W Unii Europejskiej dużo mówi się o solidarności energetycznej, ale w praktyce każde państwo samodzielnie dba o swoje bezpieczeństwo energetyczne. Tak też powinna zachowywać się Polska - ocenia podczas Europejskiego Kongresu Gospodarczego Krzysztof Rozen z firmy doradczej KPMG.
{fim;292}
- W Unii Europejskiej wszyscy mówią o solidarności energetycznej, ale praktyka jest taka, że każde państwo samodzielnie dba o swoje bezpieczeństwo energetyczne, m.in. zawiera bilateralne porozumienia z Gazpromem. To jest to, co powinna robić także Polska - mówi Krzysztof Rozen, Partner, Szef Zespołu ds. Energii i Zasobów Naturalnych firmy doradczej KPMG.
Krzysztof Rozen podkreśla, że polityka Unii Europejskiej w ostatnich latach podlegała znaczącym zmianom. Jeszcze kilka-kilkanaście lat temu wskutek działania lobby ekologicznego na cenzurowanym była energetyka jądrowa, w Szwecji i w Niemczech podjęto wtedy decyzje o stopniowym likwidacji tej branży. Obecnie polityka jądrowa w Europie znowu jest poważnie traktowana.

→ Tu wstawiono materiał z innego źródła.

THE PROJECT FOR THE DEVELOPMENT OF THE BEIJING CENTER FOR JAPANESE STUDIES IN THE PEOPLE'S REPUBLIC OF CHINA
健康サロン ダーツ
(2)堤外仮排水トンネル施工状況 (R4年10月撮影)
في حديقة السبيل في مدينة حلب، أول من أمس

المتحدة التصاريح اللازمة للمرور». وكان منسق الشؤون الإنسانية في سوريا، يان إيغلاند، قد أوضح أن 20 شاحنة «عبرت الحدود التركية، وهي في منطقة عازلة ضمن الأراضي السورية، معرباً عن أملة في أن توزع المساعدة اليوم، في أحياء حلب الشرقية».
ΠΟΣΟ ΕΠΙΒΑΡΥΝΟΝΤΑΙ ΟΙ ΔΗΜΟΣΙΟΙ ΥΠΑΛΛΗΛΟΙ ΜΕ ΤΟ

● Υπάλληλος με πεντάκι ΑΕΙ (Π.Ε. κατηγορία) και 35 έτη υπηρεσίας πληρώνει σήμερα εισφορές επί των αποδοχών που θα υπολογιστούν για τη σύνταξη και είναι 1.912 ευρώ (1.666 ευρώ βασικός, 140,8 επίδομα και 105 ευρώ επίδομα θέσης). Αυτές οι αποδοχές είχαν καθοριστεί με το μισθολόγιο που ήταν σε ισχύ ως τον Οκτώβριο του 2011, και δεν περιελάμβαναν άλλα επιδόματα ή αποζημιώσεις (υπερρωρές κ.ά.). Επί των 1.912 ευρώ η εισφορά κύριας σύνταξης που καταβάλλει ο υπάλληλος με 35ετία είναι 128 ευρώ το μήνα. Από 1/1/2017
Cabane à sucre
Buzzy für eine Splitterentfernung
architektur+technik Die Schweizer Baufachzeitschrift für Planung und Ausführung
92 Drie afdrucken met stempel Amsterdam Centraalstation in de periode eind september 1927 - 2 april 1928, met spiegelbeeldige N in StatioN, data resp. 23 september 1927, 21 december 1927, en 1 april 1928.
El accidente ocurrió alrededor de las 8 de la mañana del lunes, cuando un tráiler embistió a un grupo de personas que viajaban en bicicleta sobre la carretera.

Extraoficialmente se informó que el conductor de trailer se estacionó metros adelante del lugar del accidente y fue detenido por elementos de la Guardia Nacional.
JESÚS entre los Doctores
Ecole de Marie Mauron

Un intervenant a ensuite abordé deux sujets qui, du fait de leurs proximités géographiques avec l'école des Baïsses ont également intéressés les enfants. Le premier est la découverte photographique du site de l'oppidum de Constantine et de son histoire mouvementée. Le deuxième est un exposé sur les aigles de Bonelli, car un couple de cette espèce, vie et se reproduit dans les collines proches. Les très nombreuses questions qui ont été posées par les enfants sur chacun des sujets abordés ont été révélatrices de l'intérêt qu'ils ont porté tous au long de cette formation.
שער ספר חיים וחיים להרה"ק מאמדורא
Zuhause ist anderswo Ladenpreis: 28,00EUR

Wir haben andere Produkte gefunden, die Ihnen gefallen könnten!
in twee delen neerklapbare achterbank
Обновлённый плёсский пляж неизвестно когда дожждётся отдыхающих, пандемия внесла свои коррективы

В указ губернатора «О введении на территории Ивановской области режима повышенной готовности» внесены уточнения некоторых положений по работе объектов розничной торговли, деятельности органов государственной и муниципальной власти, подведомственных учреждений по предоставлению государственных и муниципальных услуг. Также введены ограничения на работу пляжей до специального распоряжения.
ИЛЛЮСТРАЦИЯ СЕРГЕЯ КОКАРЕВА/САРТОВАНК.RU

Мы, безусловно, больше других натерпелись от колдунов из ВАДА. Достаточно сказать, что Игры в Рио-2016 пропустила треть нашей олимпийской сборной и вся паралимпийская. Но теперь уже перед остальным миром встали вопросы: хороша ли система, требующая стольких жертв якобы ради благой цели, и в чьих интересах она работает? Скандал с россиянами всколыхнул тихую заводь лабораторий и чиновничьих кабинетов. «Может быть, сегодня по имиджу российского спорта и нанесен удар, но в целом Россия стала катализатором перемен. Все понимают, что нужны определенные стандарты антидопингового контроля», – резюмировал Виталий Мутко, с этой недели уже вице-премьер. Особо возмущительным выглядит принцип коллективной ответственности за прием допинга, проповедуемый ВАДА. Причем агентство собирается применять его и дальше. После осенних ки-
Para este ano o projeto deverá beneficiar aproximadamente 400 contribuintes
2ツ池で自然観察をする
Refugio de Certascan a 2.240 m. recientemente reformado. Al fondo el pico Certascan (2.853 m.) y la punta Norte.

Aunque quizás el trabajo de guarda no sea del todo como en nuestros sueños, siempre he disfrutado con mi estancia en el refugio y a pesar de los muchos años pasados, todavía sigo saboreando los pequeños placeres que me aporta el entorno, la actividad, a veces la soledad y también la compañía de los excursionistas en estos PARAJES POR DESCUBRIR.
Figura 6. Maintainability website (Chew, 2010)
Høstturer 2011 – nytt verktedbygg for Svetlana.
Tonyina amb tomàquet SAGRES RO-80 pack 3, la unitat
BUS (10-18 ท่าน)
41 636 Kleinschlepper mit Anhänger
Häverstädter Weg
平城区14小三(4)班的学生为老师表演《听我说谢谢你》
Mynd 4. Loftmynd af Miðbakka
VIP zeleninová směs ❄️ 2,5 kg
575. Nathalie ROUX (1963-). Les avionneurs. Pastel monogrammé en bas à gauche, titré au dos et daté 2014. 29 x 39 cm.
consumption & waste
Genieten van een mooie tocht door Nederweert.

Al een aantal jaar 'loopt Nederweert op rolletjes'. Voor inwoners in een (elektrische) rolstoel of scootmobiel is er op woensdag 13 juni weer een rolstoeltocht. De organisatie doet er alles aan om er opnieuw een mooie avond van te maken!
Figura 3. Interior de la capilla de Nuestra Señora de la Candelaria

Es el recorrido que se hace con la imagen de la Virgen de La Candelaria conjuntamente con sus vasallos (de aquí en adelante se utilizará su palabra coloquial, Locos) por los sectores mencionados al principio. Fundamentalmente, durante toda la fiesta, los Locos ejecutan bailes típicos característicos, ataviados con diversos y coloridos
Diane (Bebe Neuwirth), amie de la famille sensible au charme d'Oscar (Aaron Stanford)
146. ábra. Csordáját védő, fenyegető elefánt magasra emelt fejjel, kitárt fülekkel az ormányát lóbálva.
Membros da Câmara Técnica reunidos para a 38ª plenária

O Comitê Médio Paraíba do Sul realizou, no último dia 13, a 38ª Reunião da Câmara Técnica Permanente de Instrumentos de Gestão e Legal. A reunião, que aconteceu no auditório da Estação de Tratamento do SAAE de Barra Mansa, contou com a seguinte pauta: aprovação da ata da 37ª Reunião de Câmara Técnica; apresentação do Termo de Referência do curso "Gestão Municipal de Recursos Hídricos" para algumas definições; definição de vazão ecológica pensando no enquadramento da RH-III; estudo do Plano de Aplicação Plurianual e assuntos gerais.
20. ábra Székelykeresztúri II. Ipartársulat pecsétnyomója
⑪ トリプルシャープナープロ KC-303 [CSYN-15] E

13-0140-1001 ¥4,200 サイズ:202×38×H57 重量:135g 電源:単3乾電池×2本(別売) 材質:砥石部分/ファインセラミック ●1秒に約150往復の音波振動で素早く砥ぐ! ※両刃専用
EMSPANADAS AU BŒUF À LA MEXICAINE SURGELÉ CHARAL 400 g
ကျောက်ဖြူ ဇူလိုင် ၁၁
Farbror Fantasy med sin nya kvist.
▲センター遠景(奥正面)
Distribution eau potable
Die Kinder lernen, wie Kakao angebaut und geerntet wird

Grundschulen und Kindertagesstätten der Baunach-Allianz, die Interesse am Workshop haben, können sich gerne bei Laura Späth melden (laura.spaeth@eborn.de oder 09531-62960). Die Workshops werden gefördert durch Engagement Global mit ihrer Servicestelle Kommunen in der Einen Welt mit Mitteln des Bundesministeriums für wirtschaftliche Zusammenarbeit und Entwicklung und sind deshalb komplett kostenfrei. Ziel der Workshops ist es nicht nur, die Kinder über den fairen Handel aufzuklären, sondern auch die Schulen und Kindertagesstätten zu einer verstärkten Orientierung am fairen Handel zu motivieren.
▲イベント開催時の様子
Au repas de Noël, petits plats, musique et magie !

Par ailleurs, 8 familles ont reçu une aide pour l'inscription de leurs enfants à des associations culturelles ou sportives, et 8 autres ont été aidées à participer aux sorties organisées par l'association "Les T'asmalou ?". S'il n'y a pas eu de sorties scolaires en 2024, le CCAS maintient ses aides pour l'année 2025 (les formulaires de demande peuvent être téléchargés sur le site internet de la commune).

Teraz z kolei, także wskutek działań lobby ekologicznego, krytykowana jest energetyka węglowa za rzekomy wpływ na zmiany klimatyczne.
- Nie ma naukowego dowodu, że emisja CO2 ma wpływ na zmiany klimatyczne - ocenia Krzysztof Rozen.
Jego zdaniem Polska posiada duże zasoby węgla, który powinien być wykorzystywany do celów energetycznych, w co w efekcie wpłynie na poprawę bezpieczeństwa energetycznego.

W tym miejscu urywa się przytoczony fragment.